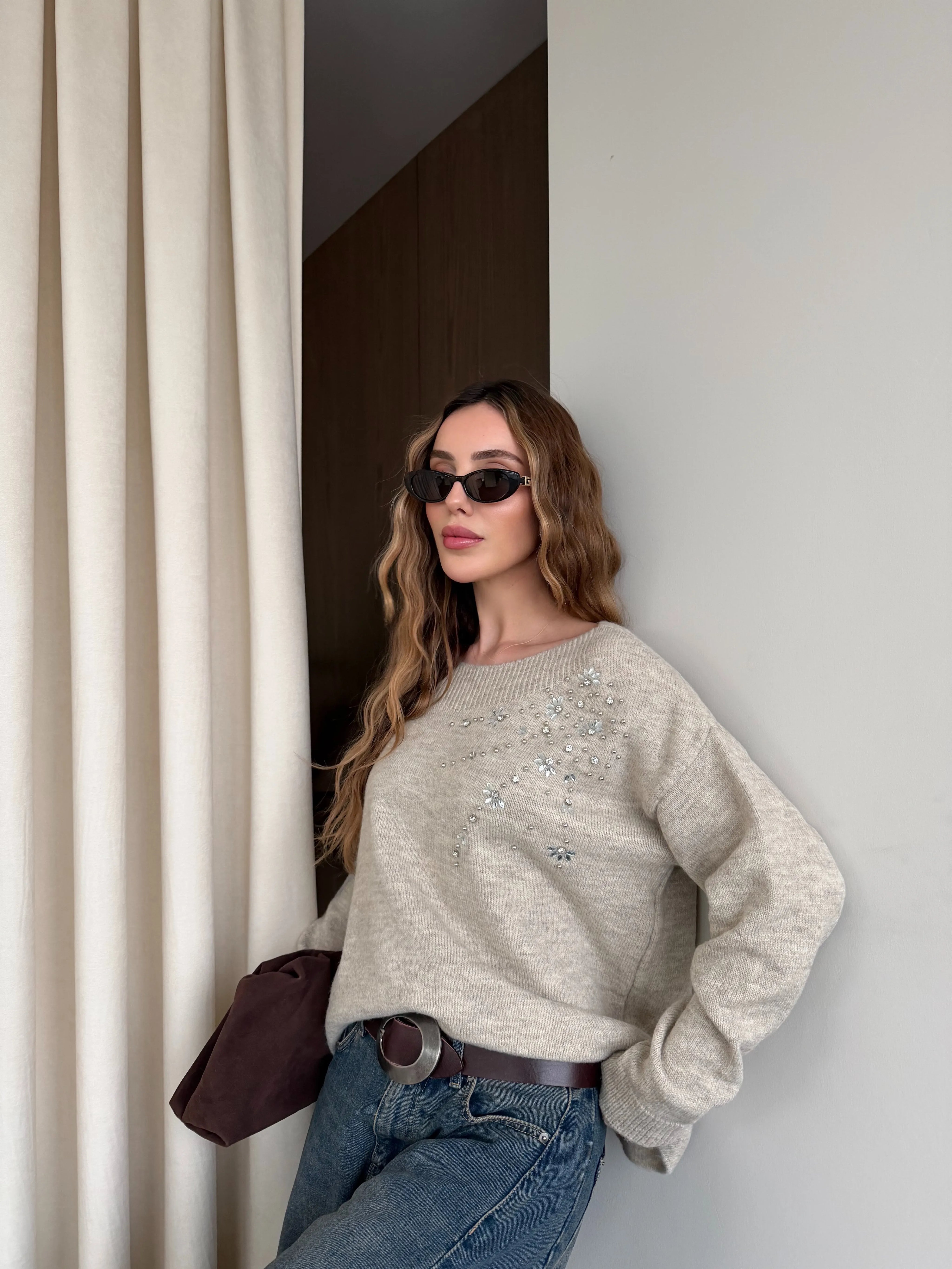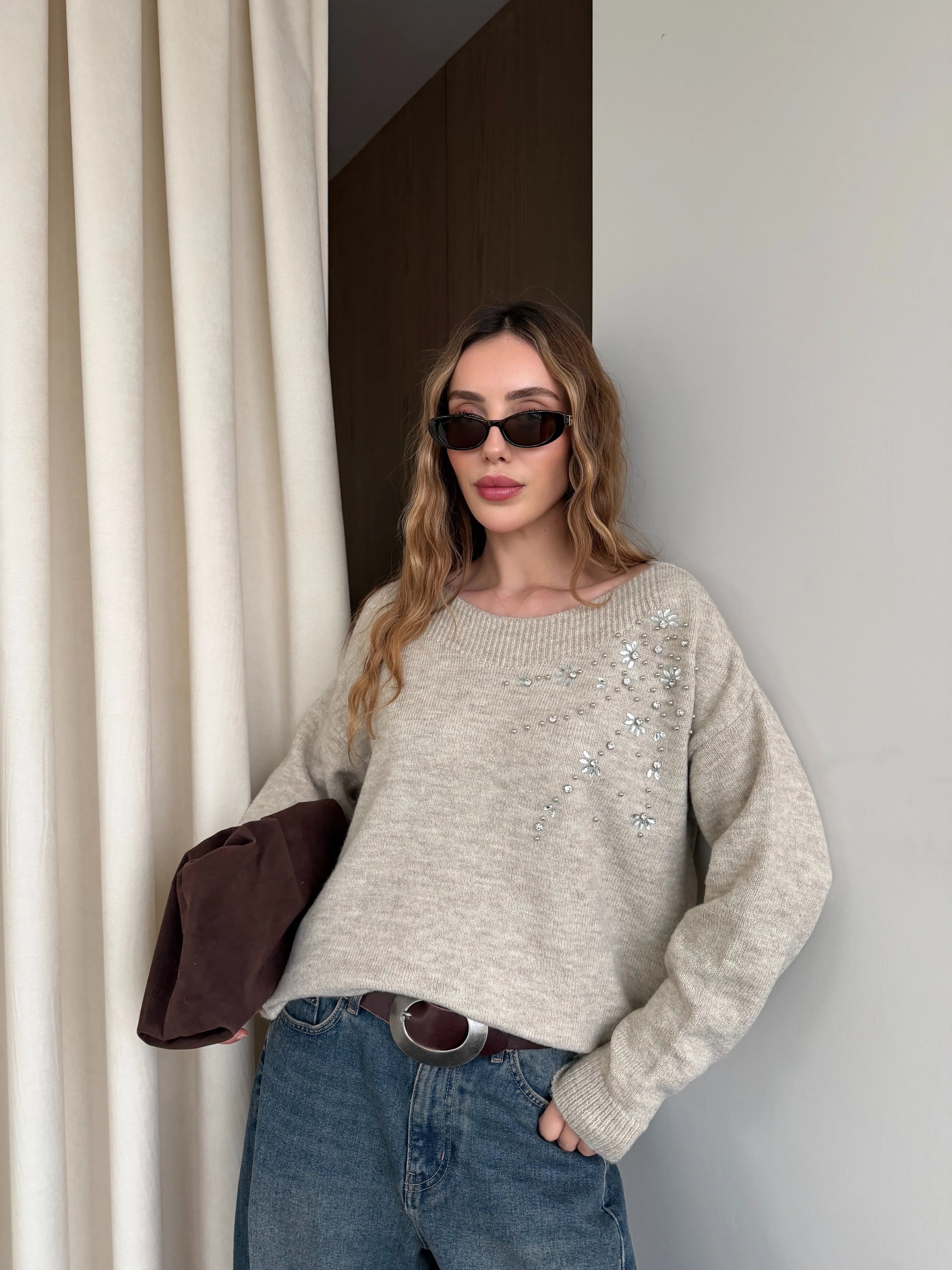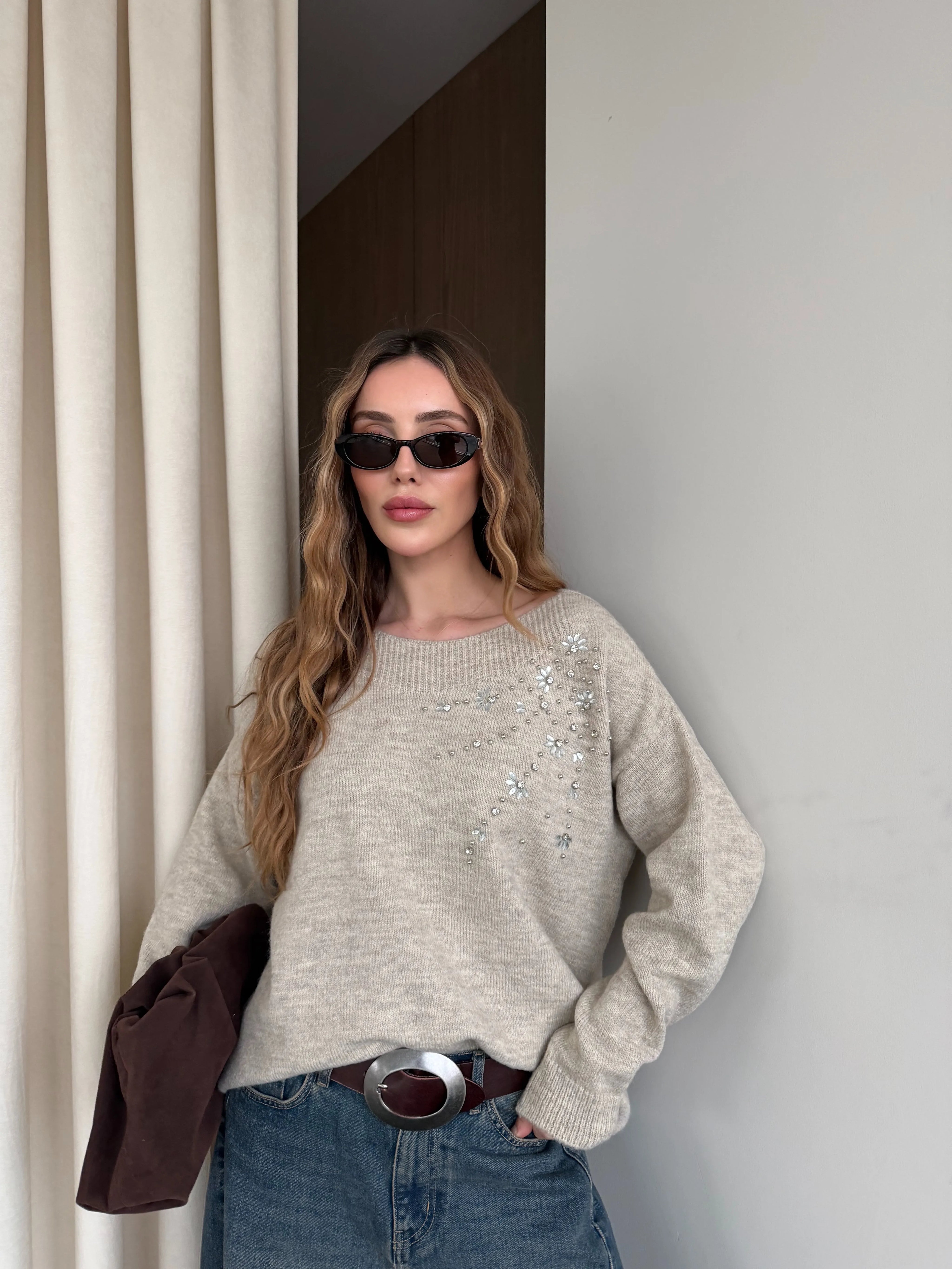 • Bej Taş İşlemeli Kayık Yaka Kazak - 251189
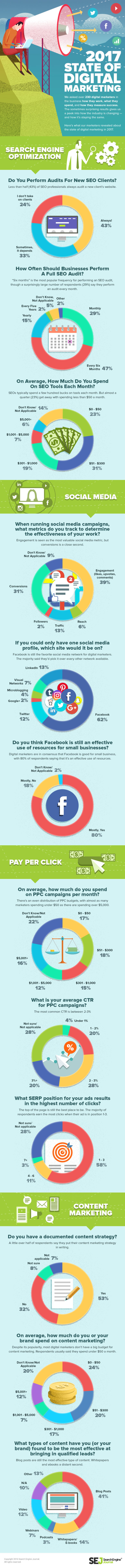 Search Engine Journal, media de référence des référenceurs, publie les résultats d’une enquête réalisée auprès des professionnels du SEO, du SEA, du Social Media et du contenu. Il ne s’agit pas d’une étude d’ampleur, mais elle permet de faire le point sur un certain nombre de problématiques, des réseaux sociaux préférés des marketeurs aux budgets consacrés aux outils B2B. Une infographie, insérée en bas de cet article, résume les principaux résultats de l’enquête SEJ.
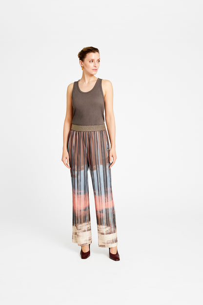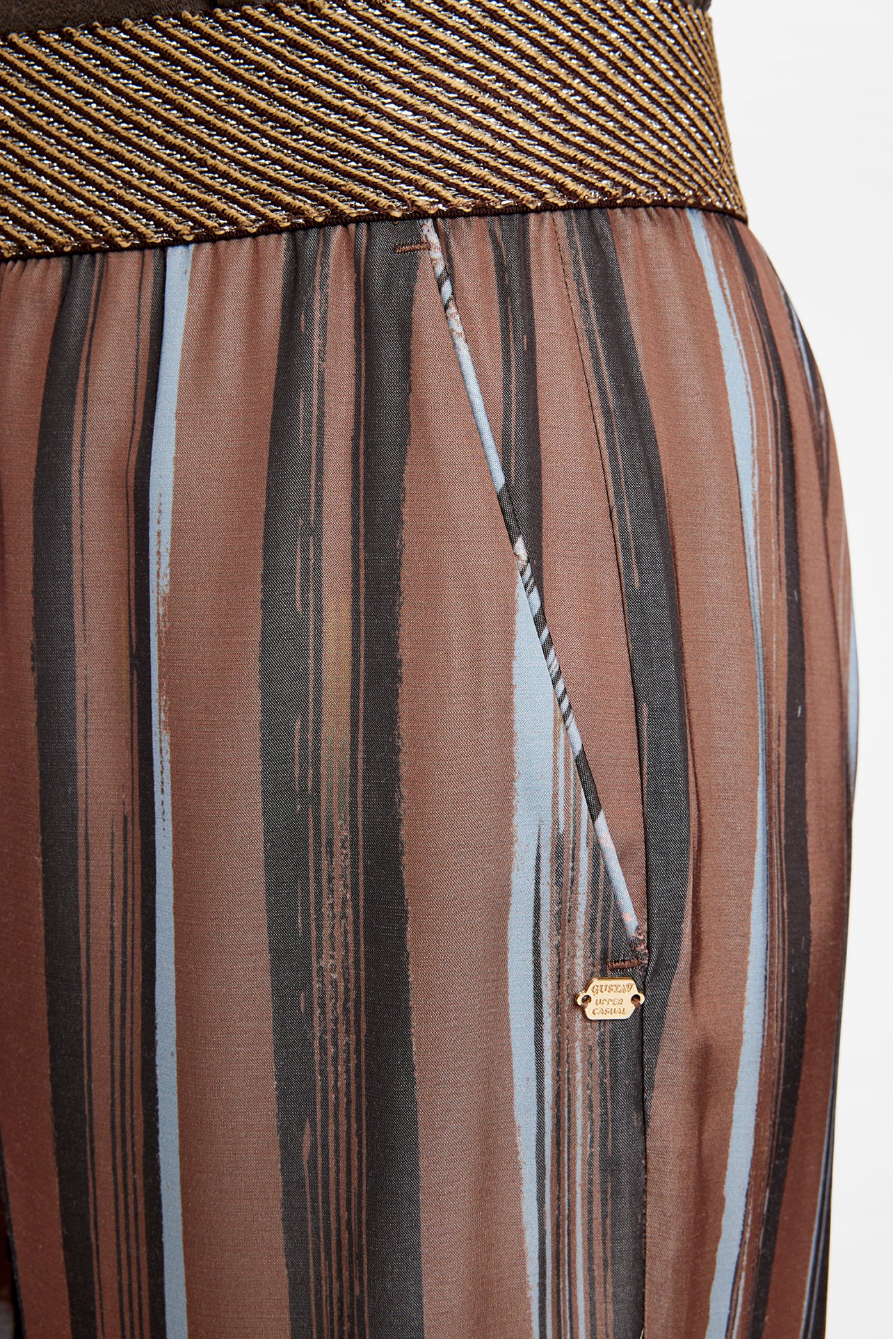 De fine Bay bukser fra Gustav er kommet i en lækker brun farve, der smelter flot sammen med rosa og beige, så du får et skønt batik look her til efteråret. Bay buksen har elastik i linningen og skrålommer i siderne. Perfekt at style med den fine Annsofie bluse i samme print, så du får et helt sæt. Hvis du gerne vil have lidt variation, er busken også fin med den lyse Coya strikbluse.
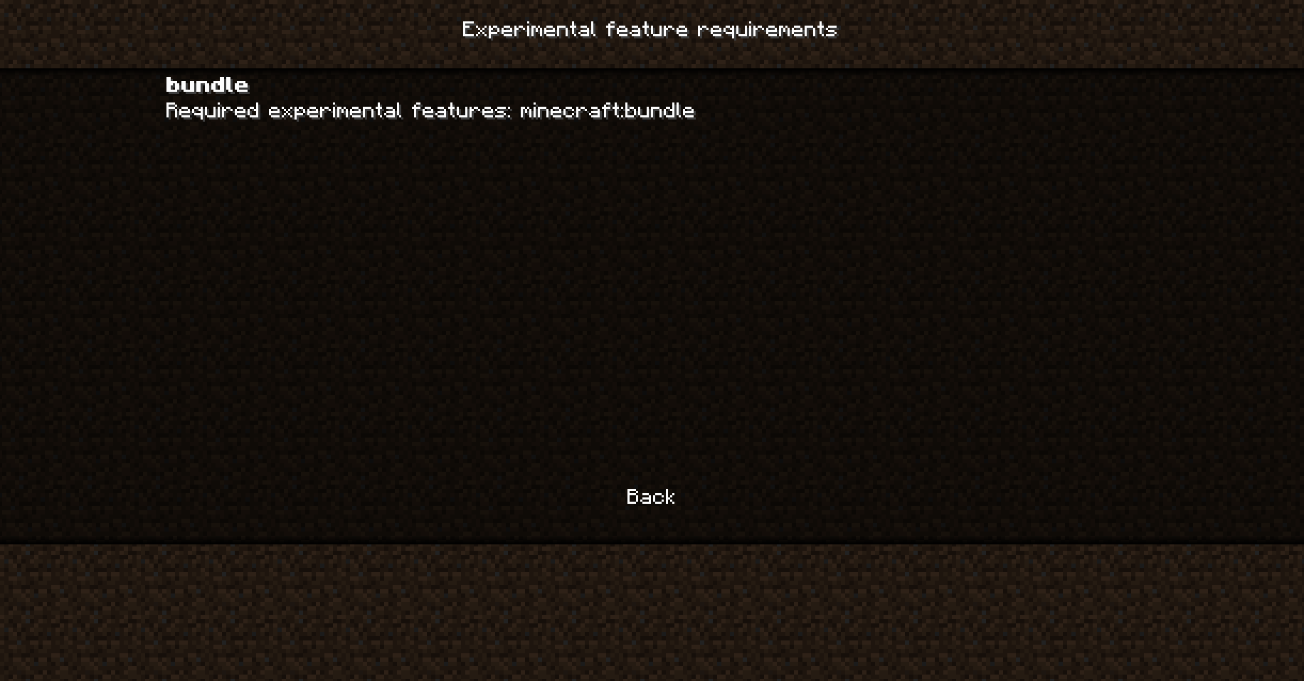 When adding a data pack to a new world, the back button on the experimental feature requirements page has no button background for certain window sizes. The dirt background appears to overlap at some point when resizing the window.

EXERCISE
Apart from the pictures, repeat the data above exactly.

RESULT
 • Bej Taş İşlemeli Kayık Yaka Kazak - 251189
 Search Engine Journal, media de référence des référenceurs, publie les résultats d’une enquête réalisée auprès des professionnels du SEO, du SEA, du Social Media et du contenu. Il ne s’agit pas d’une étude d’ampleur, mais elle permet de faire le point sur un certain nombre de problématiques, des réseaux sociaux préférés des marketeurs aux budgets consacrés aux outils B2B. Une infographie, insérée en bas de cet article, résume les principaux résultats de l’enquête SEJ.
 De fine Bay bukser fra Gustav er kommet i en lækker brun farve, der smelter flot sammen med rosa og beige, så du får et skønt batik look her til efteråret. Bay buksen har elastik i linningen og skrålommer i siderne. Perfekt at style med den fine Annsofie bluse i samme print, så du får et helt sæt. Hvis du gerne vil have lidt variation, er busken også fin med den lyse Coya strikbluse.
 When adding a data pack to a new world, the back button on the experimental feature requirements page has no button background for certain window sizes. The dirt background appears to overlap at some point when resizing the window.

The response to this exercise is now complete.